[Records — start]
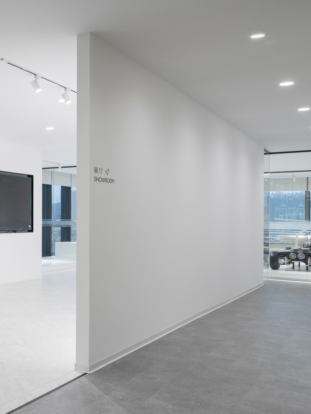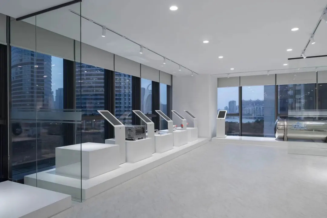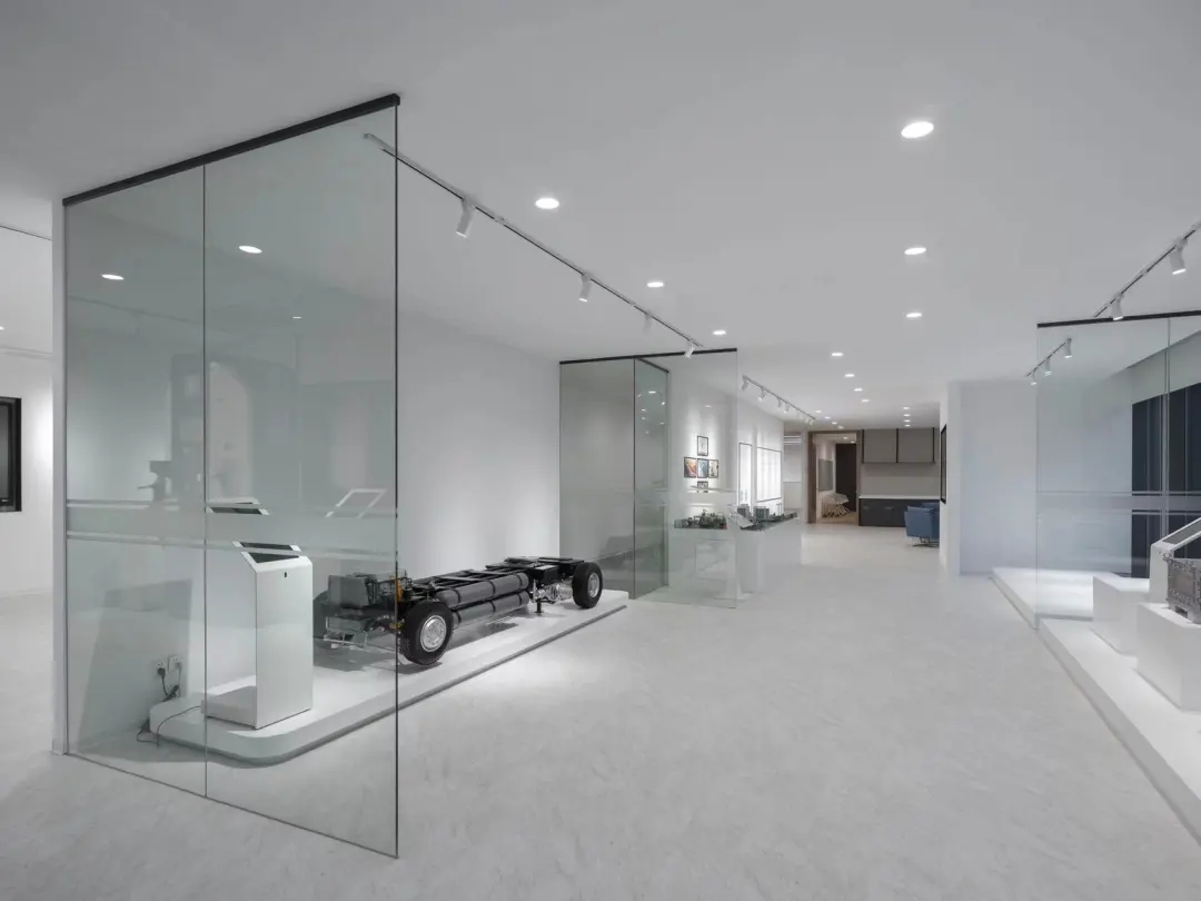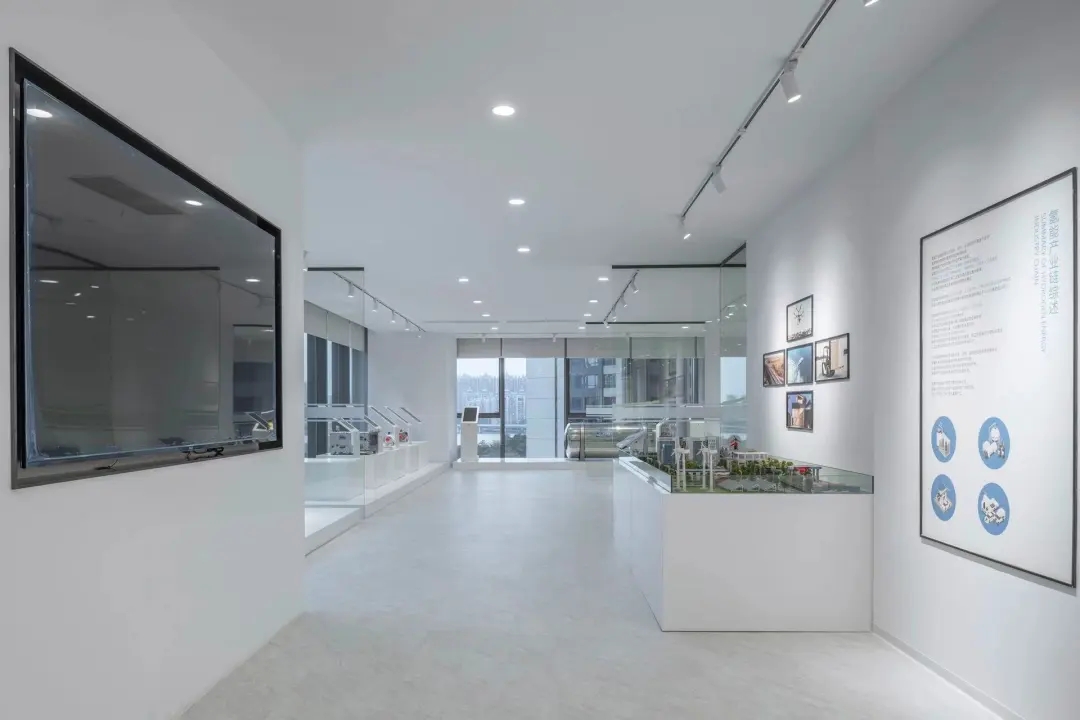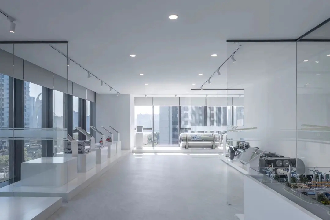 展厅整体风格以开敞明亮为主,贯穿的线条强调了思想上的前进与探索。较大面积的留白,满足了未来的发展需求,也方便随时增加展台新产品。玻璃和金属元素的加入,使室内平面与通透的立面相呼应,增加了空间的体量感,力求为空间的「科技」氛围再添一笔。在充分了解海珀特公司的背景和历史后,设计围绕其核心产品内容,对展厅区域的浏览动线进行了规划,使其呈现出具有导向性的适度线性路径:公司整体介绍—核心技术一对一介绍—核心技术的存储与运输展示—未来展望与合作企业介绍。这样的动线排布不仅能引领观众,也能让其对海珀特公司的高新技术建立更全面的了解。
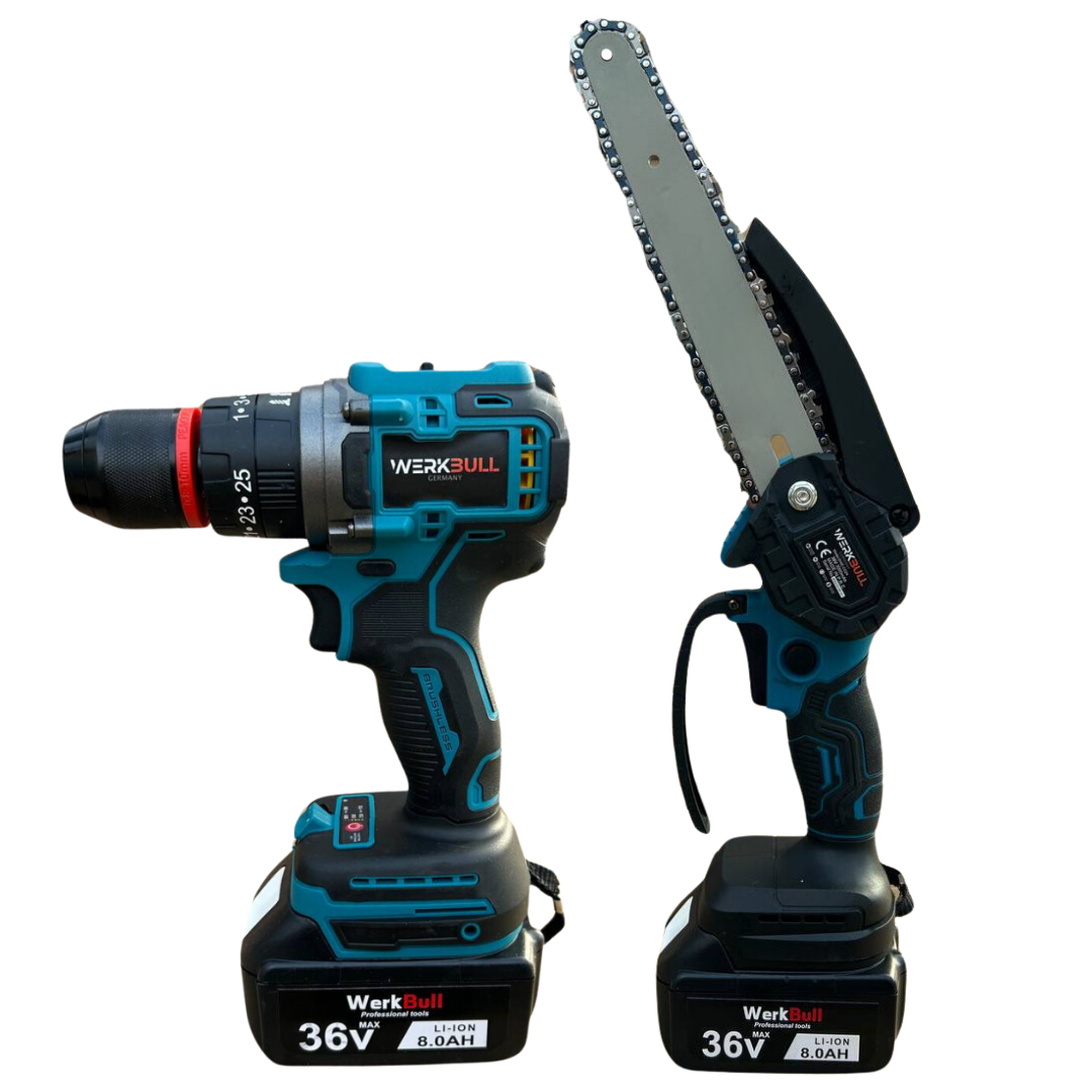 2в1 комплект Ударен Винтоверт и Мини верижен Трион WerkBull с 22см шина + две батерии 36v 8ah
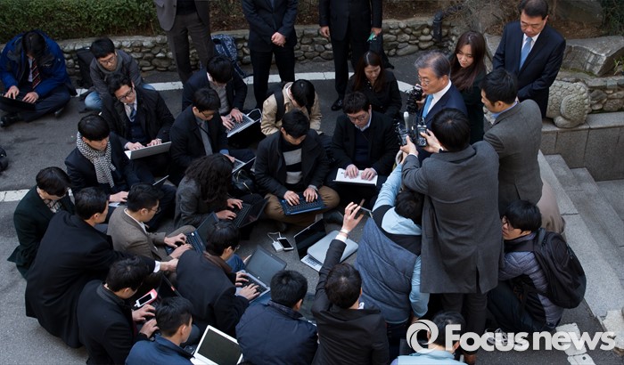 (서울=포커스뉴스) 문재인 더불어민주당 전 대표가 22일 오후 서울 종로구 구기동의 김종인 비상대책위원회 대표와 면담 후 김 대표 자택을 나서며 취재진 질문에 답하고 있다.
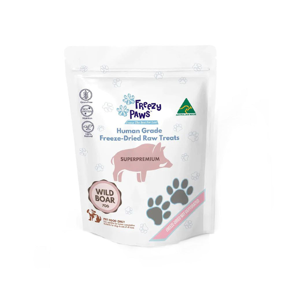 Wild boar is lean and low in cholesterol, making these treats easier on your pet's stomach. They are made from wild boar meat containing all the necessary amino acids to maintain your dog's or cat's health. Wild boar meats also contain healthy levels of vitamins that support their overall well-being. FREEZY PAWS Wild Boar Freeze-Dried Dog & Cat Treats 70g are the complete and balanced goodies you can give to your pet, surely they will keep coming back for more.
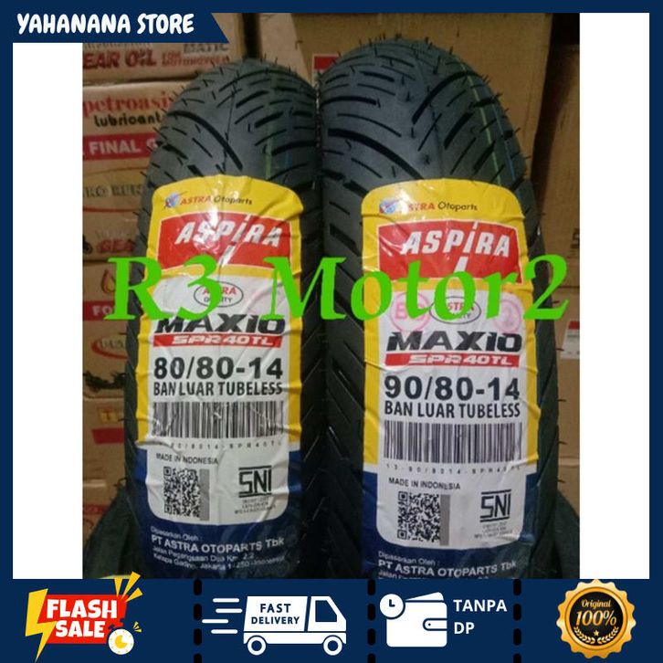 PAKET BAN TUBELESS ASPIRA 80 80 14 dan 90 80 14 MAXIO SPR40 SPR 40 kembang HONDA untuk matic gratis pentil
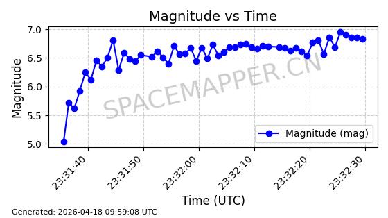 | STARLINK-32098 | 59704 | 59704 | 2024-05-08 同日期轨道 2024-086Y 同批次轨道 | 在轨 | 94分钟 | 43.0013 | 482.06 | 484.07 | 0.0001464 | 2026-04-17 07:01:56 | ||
[Records — finish]
▸ Directions for this task
Leave the pictures aside and output each entry exactly as it stands.

▸ Task response
 展厅整体风格以开敞明亮为主,贯穿的线条强调了思想上的前进与探索。较大面积的留白,满足了未来的发展需求,也方便随时增加展台新产品。玻璃和金属元素的加入,使室内平面与通透的立面相呼应,增加了空间的体量感,力求为空间的「科技」氛围再添一笔。在充分了解海珀特公司的背景和历史后,设计围绕其核心产品内容,对展厅区域的浏览动线进行了规划,使其呈现出具有导向性的适度线性路径:公司整体介绍—核心技术一对一介绍—核心技术的存储与运输展示—未来展望与合作企业介绍。这样的动线排布不仅能引领观众,也能让其对海珀特公司的高新技术建立更全面的了解。
 2в1 комплект Ударен Винтоверт и Мини верижен Трион WerkBull с 22см шина + две батерии 36v 8ah
 (서울=포커스뉴스) 문재인 더불어민주당 전 대표가 22일 오후 서울 종로구 구기동의 김종인 비상대책위원회 대표와 면담 후 김 대표 자택을 나서며 취재진 질문에 답하고 있다.
 Wild boar is lean and low in cholesterol, making these treats easier on your pet's stomach. They are made from wild boar meat containing all the necessary amino acids to maintain your dog's or cat's health. Wild boar meats also contain healthy levels of vitamins that support their overall well-being. FREEZY PAWS Wild Boar Freeze-Dried Dog & Cat Treats 70g are the complete and balanced goodies you can give to your pet, surely they will keep coming back for more.
 PAKET BAN TUBELESS ASPIRA 80 80 14 dan 90 80 14 MAXIO SPR40 SPR 40 kembang HONDA untuk matic gratis pentil
 | STARLINK-32098 | 59704 | 59704 | 2024-05-08 同日期轨道 2024-086Y 同批次轨道 | 在轨 | 94分钟 | 43.0013 | 482.06 | 484.07 | 0.0001464 | 2026-04-17 07:01:56 | ||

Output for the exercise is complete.